Q:タイ側から今回オリンピック誘致成功に関して何か発言というのはありましたか。

A:まず、インラック首相から冒頭「オリンピックおめでとう」というお話がございましたし、私の方から「オリンピックについて支援ありがたい」というお話をしました。また、タイも今様々有望な選手がおります。「女性のバドミントン選手とか、女子の重量挙げの選手とか、こういう方がまだ若いですので、これから更に活躍すれば東京オリンピックで素晴らしい成績を収めるのではないでしょうか」というお話をしたら、大変喜んでおりました。

Q:憲法を改正して自衛隊を国防軍にする件については、ご説明されて理解を求められたりしたのでしょうか。

A:国防副大臣との話の中で、憲法改正のお話ではなくて、今、日本の中で、例えば憲法の解釈の議論等が出ている背景として、今年春にあった北朝鮮の度重なる威嚇のような発言に対して日本が対応する中で必要な体制、あるいは、例えば日本を守るために対応してもらっているアメリカの艦船に、日本が攻撃される前にアメリカの艦船が攻撃を受けた場合、日本としてしっかりとした対応ができるかどうか、そういう具体例を示しながら説明をさせていただきました。

Q:ユタサック副大臣の反応はいかがでしたか。

A:当然、そういう問題についてはよく理解していただいたと思います。あくまでも私どもから、こういう安全保障問題、特に憲法解釈の問題について提案するということではなくて、そういう議論が日本国内でなされている背景について、具体的な事例を挙げて、ユタサック国防副大臣には説明させていただきました。ユタサック国防副大臣は、副首相を前に務められていますし、また、国防大臣も務められています。インラック首相の信頼も大変厚い方でありますし、インラック首相が国防大臣を兼ねていらっしゃいますので、私どもとしては国防大臣と同じ役割を持っていらっしゃるという扱いでお話をさせていただきました。
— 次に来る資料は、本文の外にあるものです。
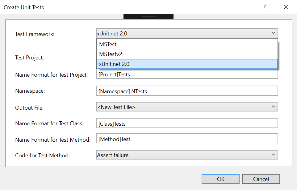 For Visual Studio 2022,please use https://marketplace.visualstudio.com/items?itemName=YowkoTsai.xunitnettestgenerator2022xUnit.net 2.0 Test Generator For Visual Studio 2017 and Visual Studio 2019This is an extension for Visual Studio 2017 and Visual Studio 2019 that extends the test functionality to allow you to create unit tests. It works for Visual Studio 2017 and Visual Studio 2019. The extension extends the built-in test generator functionality allowing developers to generate tests using xUnit.net 2.0. You can create xUnit.net 2.0 test project from Please note that it doesn't support IntelliTest yet. 2024/03/10 update: upgrade xunit to 2.6.6 and xunit.runner.visualstudio to 2.5.72019/09/26 update: use xunit 2.4.1 and xunit.runner.visualstudio 2.4.1 to fix value is null.

Q:日タイは、世界的に見ても極めて防衛交流が密接であり、盛んな国、つまりそういう二国間関係だと思いますけれども、今日一日終えてこの現状をどういうふうにご覧になっているのかという質問が一つと、そういったことが今、なかなか厳しい環境の日本の安全保障にどういうメリットを及ぼすのか、この二点についてお尋ねします。
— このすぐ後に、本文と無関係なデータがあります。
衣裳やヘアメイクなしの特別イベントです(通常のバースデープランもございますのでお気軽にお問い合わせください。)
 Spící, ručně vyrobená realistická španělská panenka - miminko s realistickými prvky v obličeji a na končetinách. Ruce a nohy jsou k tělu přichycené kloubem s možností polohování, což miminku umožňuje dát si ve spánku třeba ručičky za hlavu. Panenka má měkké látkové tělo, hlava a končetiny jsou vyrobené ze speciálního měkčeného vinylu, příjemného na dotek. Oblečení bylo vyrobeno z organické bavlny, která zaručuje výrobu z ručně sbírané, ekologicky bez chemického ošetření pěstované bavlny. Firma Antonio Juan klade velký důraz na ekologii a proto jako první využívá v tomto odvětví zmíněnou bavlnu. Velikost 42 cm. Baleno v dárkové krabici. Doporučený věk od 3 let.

A:率直なお話しをすると、確かにタイは長い間の友好国でありますし、また、日本の防衛大学校に一番多く留学生を出してもらっています。そして、10月1日からは初めて、タイ海軍に大将が防衛大学校卒業生として誕生いたします。そういう意味で非常に関係は強いのですが、政治レベルの交流ということになりますと、実は最近極めて希薄な印象があります。特に防衛大臣がこうしてタイを訪問してお話をするのは6年ぶりということですし、また、その間もあまり政治レベルの、特に防衛交流は少なかったと思いますので、逆に今年になってかなり密になり、航空幕僚長も陸上幕僚長も訪問するようになりました。私どもとしては日タイ関係が友好だということにあぐらをかくだけではなくて、しっかり防衛交流もしていきたいと思っています。そしてタイは実はASEANの中での中心的な役割を果たしていますし、今はASEANの中で対中国の窓口もしておりますので、そういう意味では中国の考え方も非常によく理解している国だと思います。こういう国を通じて日本としてはしっかりとこの東アジアの安全保障のために法と対話により安全を保っていきたいと思っております。

Q:東アジアの安全保障について、インラック首相側からは何か発言はありましたでしょうか。
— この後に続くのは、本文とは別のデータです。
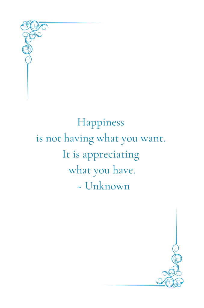 Gratitude is key to life. Counting our blessings brings happiness. For how can you not be happy when you appreciate what you have?

A:東アジアの安全というのが大切だと、これはお互いの経済、あるいはこの地域の経済にとって重要だということについてはお互いに共通の認識だと思っています。

Q:そういう発言があったと。

A:相手側の立場ですので、相手側の発言について細かくは言いませんが、そういう方向で認識は一致しているということだと思います。

Q:行動規範についてどういう議論を中国とやっていますとかそういう説明はあったのでしょうか。

A:具体的な説明はありませんが、行動規範がしっかりとしたものになることを私たちも努力していきたいというお話はありました。行動規範については、国防副大臣のほうからのお話です。インラック首相とのお話はここでは控えさせていただきます。おかげさまで、防衛大学校卒業生で今回、タイ海軍では大将が初めて誕生いたしますし、それから空軍出身でありますが副参謀長も今回誕生いたします。そういう意味では着実に、日本の防衛大学校を卒業した方々がタイの国軍の中枢に入ってこられると。今回お昼をご一緒させていただきましたが、日本語で話をし、そして皆さん日本の文化を大変よくご存じですし、日本について非常に深い思いを持っていただいています。ですから今日は率直にタイから見た今の日本についての感想も私どもはいただいた。感謝をしております。